= Task =
Your answer is the lines below, exactly, from the one that contains "is studded finely." through the one that contains "Akrylové korálky - jahoda", both included.

= Data to use =
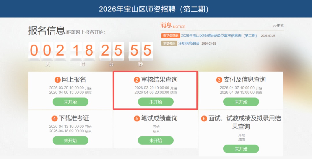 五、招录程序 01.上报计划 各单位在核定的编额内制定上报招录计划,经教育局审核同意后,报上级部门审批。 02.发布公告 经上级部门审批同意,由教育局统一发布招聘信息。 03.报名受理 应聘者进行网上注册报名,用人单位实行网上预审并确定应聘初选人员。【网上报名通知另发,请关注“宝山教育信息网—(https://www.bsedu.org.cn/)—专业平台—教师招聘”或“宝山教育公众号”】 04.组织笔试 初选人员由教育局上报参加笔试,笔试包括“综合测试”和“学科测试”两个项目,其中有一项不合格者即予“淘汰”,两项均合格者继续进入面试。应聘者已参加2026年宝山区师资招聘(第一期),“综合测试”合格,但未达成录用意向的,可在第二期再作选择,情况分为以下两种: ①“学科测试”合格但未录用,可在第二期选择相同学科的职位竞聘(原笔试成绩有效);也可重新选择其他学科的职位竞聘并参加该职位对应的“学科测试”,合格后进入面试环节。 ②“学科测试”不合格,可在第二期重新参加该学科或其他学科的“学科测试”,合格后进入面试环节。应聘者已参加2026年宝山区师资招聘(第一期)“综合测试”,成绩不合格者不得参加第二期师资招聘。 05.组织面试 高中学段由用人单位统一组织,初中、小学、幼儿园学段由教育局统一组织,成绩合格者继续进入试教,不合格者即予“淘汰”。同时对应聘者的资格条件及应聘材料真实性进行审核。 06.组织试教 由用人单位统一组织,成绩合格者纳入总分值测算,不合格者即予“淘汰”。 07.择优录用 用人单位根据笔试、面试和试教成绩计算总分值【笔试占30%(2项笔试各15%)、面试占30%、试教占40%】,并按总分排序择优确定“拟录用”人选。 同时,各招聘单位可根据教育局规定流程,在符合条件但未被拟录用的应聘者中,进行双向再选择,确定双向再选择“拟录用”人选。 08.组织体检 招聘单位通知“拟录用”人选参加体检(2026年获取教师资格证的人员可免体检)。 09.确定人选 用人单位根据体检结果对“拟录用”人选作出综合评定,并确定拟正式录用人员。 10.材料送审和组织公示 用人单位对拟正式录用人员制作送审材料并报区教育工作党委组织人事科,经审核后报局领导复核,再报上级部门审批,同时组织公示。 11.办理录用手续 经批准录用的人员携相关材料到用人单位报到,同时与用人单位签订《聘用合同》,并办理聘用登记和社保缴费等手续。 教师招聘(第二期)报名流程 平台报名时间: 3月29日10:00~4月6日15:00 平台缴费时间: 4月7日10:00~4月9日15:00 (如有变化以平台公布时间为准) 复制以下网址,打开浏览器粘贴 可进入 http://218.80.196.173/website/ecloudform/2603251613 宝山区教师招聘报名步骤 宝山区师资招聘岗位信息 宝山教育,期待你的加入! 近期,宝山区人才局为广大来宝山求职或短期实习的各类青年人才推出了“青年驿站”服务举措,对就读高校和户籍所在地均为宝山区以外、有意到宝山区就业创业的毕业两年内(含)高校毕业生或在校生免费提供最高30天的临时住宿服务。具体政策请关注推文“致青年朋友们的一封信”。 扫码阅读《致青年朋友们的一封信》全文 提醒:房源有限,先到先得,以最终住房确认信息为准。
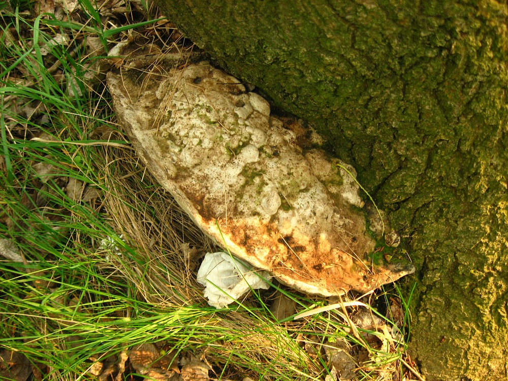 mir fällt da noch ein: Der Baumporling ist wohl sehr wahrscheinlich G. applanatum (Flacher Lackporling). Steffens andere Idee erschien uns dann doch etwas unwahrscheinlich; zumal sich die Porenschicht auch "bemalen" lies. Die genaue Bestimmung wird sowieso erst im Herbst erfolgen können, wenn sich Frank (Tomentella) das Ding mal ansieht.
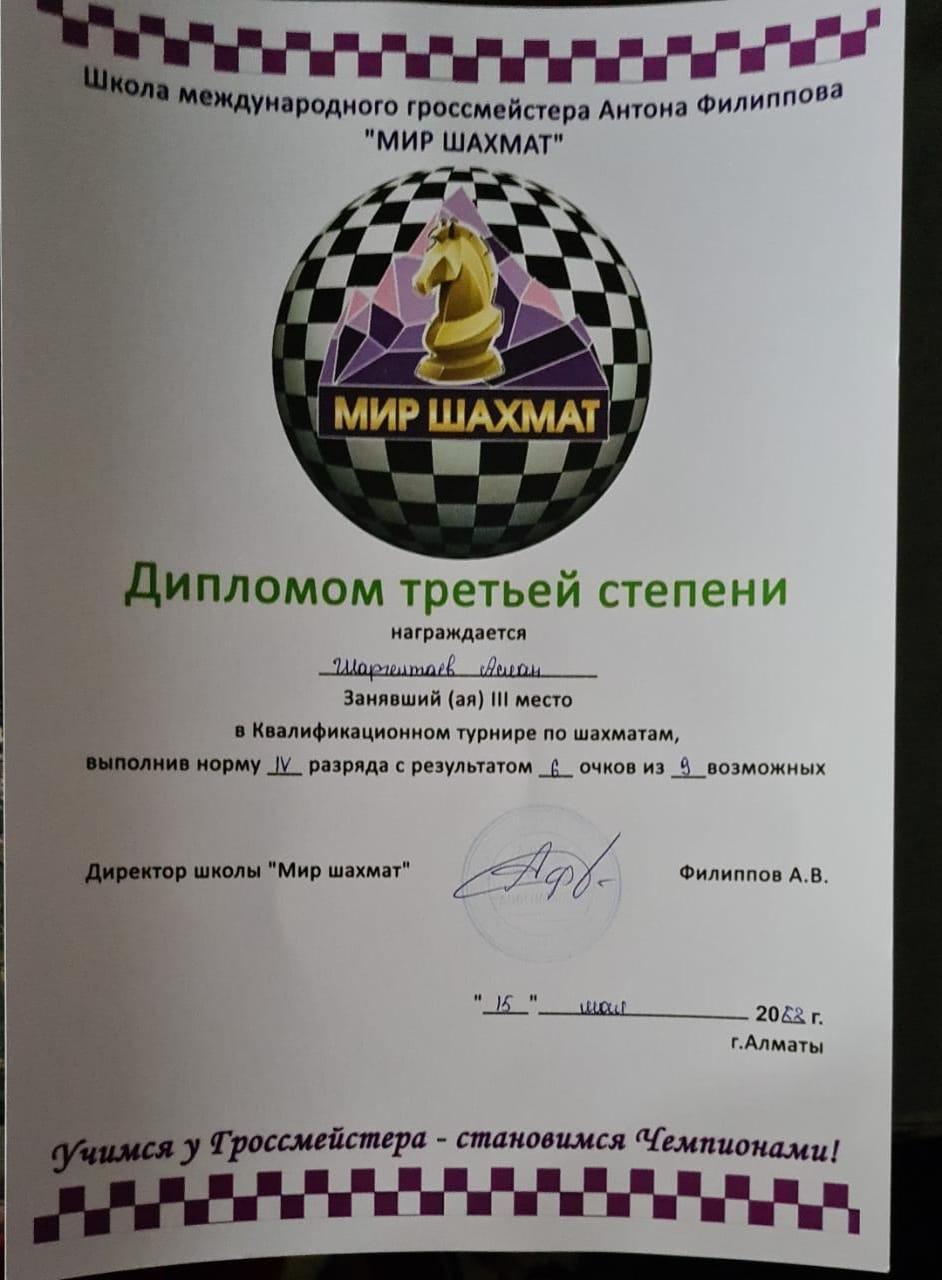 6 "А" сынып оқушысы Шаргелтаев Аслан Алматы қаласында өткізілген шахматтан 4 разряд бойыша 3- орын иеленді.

* * *

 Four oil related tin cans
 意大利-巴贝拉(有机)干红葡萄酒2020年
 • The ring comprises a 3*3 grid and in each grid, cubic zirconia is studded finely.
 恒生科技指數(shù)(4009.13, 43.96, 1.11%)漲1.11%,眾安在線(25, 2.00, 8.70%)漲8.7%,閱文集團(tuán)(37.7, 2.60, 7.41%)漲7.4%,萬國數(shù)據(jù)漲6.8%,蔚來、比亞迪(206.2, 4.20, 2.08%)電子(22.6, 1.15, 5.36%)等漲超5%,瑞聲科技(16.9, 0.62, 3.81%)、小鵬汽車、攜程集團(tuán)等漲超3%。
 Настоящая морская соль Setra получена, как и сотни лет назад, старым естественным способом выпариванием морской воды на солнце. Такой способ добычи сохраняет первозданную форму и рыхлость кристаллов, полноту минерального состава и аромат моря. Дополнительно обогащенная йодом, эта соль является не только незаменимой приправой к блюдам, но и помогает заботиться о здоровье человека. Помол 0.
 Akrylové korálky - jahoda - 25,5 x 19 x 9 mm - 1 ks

= Solution to the exercise =
 • The ring comprises a 3*3 grid and in each grid, cubic zirconia is studded finely.
 恒生科技指數(shù)(4009.13, 43.96, 1.11%)漲1.11%,眾安在線(25, 2.00, 8.70%)漲8.7%,閱文集團(tuán)(37.7, 2.60, 7.41%)漲7.4%,萬國數(shù)據(jù)漲6.8%,蔚來、比亞迪(206.2, 4.20, 2.08%)電子(22.6, 1.15, 5.36%)等漲超5%,瑞聲科技(16.9, 0.62, 3.81%)、小鵬汽車、攜程集團(tuán)等漲超3%。
 Настоящая морская соль Setra получена, как и сотни лет назад, старым естественным способом выпариванием морской воды на солнце. Такой способ добычи сохраняет первозданную форму и рыхлость кристаллов, полноту минерального состава и аромат моря. Дополнительно обогащенная йодом, эта соль является не только незаменимой приправой к блюдам, но и помогает заботиться о здоровье человека. Помол 0.
 Akrylové korálky - jahoda - 25,5 x 19 x 9 mm - 1 ks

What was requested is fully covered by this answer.